Hepi’s rise in the art world has been meteoric, guided by her ethos of camaraderie. As a child in Townsville, she loved dancing, attracted to its many accoutrements. And because she was raised within a tight-knit First Nations environment, there wasn’t the Eurocentric pressure to be “the best”, instead encouraging her to think about movement more laterally. At 20, after working at a dance studio in Sydney, she studied at the National Aboriginal Islander Skills Development Association, and then at the Alvin Ailey American Dance Theatre in New York. At these places she began to see the intermingling of theory and praxis, where the Bla(c)k body politic was the focus, teaching her non-hierarchical ways of art-making.
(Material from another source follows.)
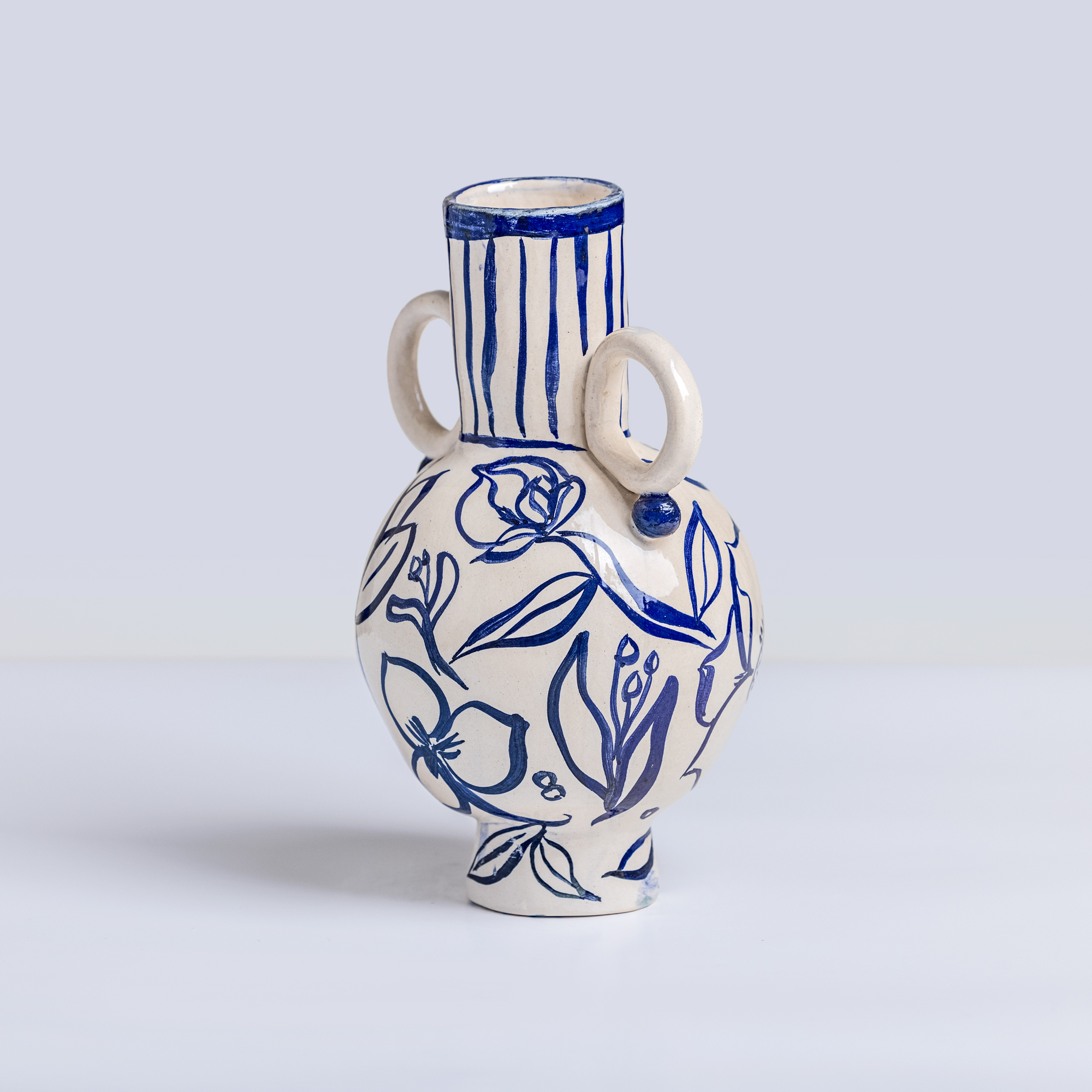 Low-temperature clay pieces are made with the ancient technique of rolling, which allows unique works to be built with free lines. Hand-painted with slip. Finished with shiny glaze on the interior and exterior.

“There’s definitely a ‘tyranny of structurelessness’ which I see happen a lot [in art spaces], where nobody wants to say what they actually desire,” explains Hepi when talking about her approach to art-making. “They’re [artists] too scared for it to look as if they’re taking control of the situation, but really what it requires is somebody to actually voice how or why it is they’re going to make a decision, or what they actually want.” To Hepi, making art isn’t about absolute control or visibility; rather it is about asking new questions, finding solidarity (which, to her, is simply friendship rather than an overarching “community”) and daring to take risks while holding space for others.
It’s a tricky balance to achieve, often in a Eurocentric art world that prides a moralistic obsession with “doing the right thing” in a way that can be self-aggrandising and tokenistic. But gaining experiences outside of that bubble has proven beneficial. In 2013, after returning from New York, a friend asked Hepi if she wanted to teach dance classes at the now-defunct GOODGOD Small Club in Sydney.
While initially a job opportunity for a broke graduate, the regularity and size of those classes (thrice weekly, with 240 people over three sessions each night) made her realise an interest in teaching, particularly as she was dissatisfied by certain teaching styles as a student. “I would get everybody to do an Acknowledgement of Country with me and I would talk to them about things around their body… I could have a conversation with people in this really nice way; trying to make it feel like everyone in the class knew me,” Hepi reminisces.
I was lucky to encounter this first-hand. Last year, Hepi and I were involved in EASY RIDERS, an experimental performance work critiquing the exploitative nature of the gig economy, led by artist Eugenia Lim. Most of the performers—including me—had no previous training. Some had never even been on a stage. As we worked through movement techniques, Hepi, as choreographer, would notice my tenseness and remark in her jovial manner, “You’re not just a brain, you’re a body.” Her effervescent nature helped us non-professional performers relax; there would often be laughter and conviviality.
In Monumental, this is evinced in the typical Hepi way: deadly serious, but with a wink. The culminating moment in the video shows her and six dancers eventually destroying a white foam figure—a monument— with cricket bats, putting their bodies in its place, only for everything to be abruptly reversed. Hepi is ultimately thinking of what happens after a monument is toppled: “If we’re understanding a little bit more about sovereignty, about ourselves, about joy but also pain, about history, then what’s next? How do we continue to be interested in the work of ourselves without going into aphorisms? How do we supersede the expectations of what is expected of us?”